Neo4j provides a catalogue of health check URLs (see Section 25.7, “REST endpoint for HA status information”) that HAProxy (or any load balancer for that matter) can use to distinguish machines using HTTP response codes. In the example above we used the /available endpoint, which directs requests to machines that are generally available for transaction processing (they are alive!).

However, it is possible to have requests directed to slaves only, or to the master only. If you are able to distinguish in your application between requests that write, and requests that only read, then you can take advantage of two (logical) load balancers: one that sends all your writes to the master, and one that sends all your read-only requests to a slave. In HAProxy you build logical load balancers by adding multiple backends.

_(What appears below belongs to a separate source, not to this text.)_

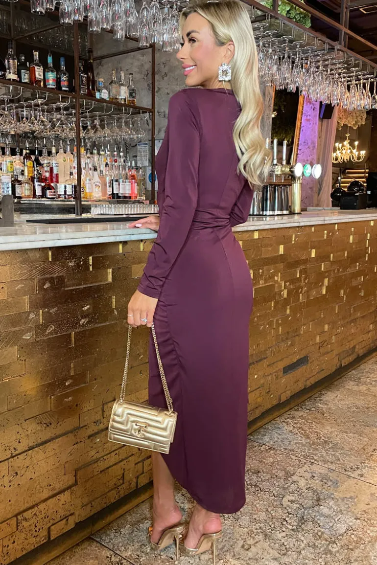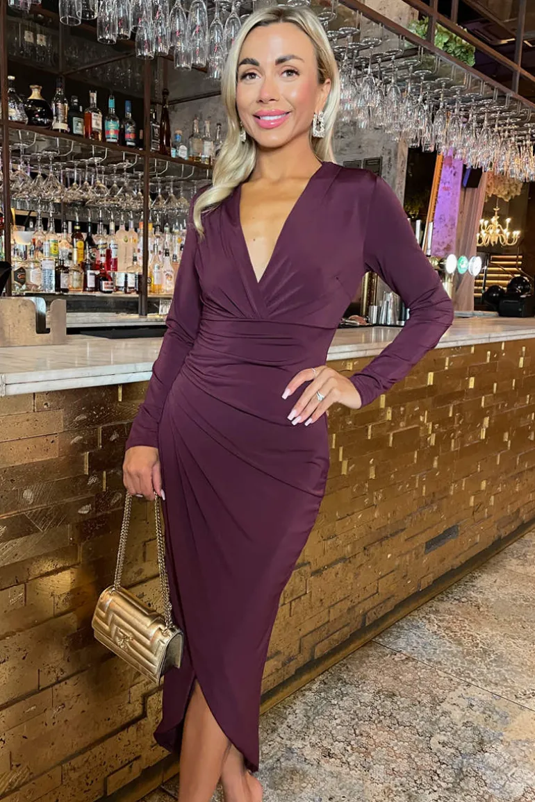 Classy and timeless, our Plum Long Sleeve Wrap Midi Dress is

The trade-off here is that while Neo4j allows slaves to proxy writes for you, this indirection unnecessarily ties up resources on the slave and adds latency to your write requests. Conversely, you don’t particularly want read traffic to tie up resources on the master; Neo4j allows you to scale out for reads, but writes are still constrained to a single instance. If possible, that instance should exclusively do writes to ensure maximum write performance.

The following example excludes the master from the set of machines using the /slave endpoint.

global
    daemon
    maxconn 256

defaults
    mode http
    timeout connect 5000ms
    timeout client 50000ms
    timeout server 50000ms

frontend http-in
    bind *:80
    default_backend neo4j-slaves

backend neo4j-slaves
    option httpchk GET /db/manage/server/ha/slave
    server s1 10.0.1.10:7474 maxconn 32 check
    server s2 10.0.1.11:7474 maxconn 32 check
    server s3 10.0.1.12:7474 maxconn 32 check

listen admin
    bind *:8080
    stats enable

Note In practice, writing to a slave is uncommon. While writing to slaves has the benefit of ensuring that data is persisted in two places (the slave and the master), it comes at a cost. The cost is that the slave must immediately become consistent with the master by applying any missing transactions and then synchronously apply the new transaction with the master. This is a more expensive operation than writing to the master and having the master push changes to one or more slaves.

Neo4j HA enables what is called cache-based sharding. If the dataset is too big to fit into the cache of any single machine, then by applying a consistent routing algorithm to requests, the caches on each machine will actually cache different parts of the graph. A typical routing key could be user ID.

In this example, the user ID is a query parameter in the URL being requested. This will route the same user to the same machine for each request.

global
    daemon
    maxconn 256

defaults
    mode http
    timeout connect 5000ms
    timeout client 50000ms
    timeout server 50000ms

frontend http-in
    bind *:80
    default_backend neo4j-slaves

backend neo4j-slaves
    balance url_param user_id
    server s1 10.0.1.10:7474 maxconn 32
    server s2 10.0.1.11:7474 maxconn 32
    server s3 10.0.1.12:7474 maxconn 32

listen admin
    bind *:8080
    stats enable

Naturally the health check and query parameter-based routing can be combined to only route requests to slaves by user ID. Other load balancing algorithms are also available, such as routing by source IP (source), the URI (uri) or HTTP headers(hdr()).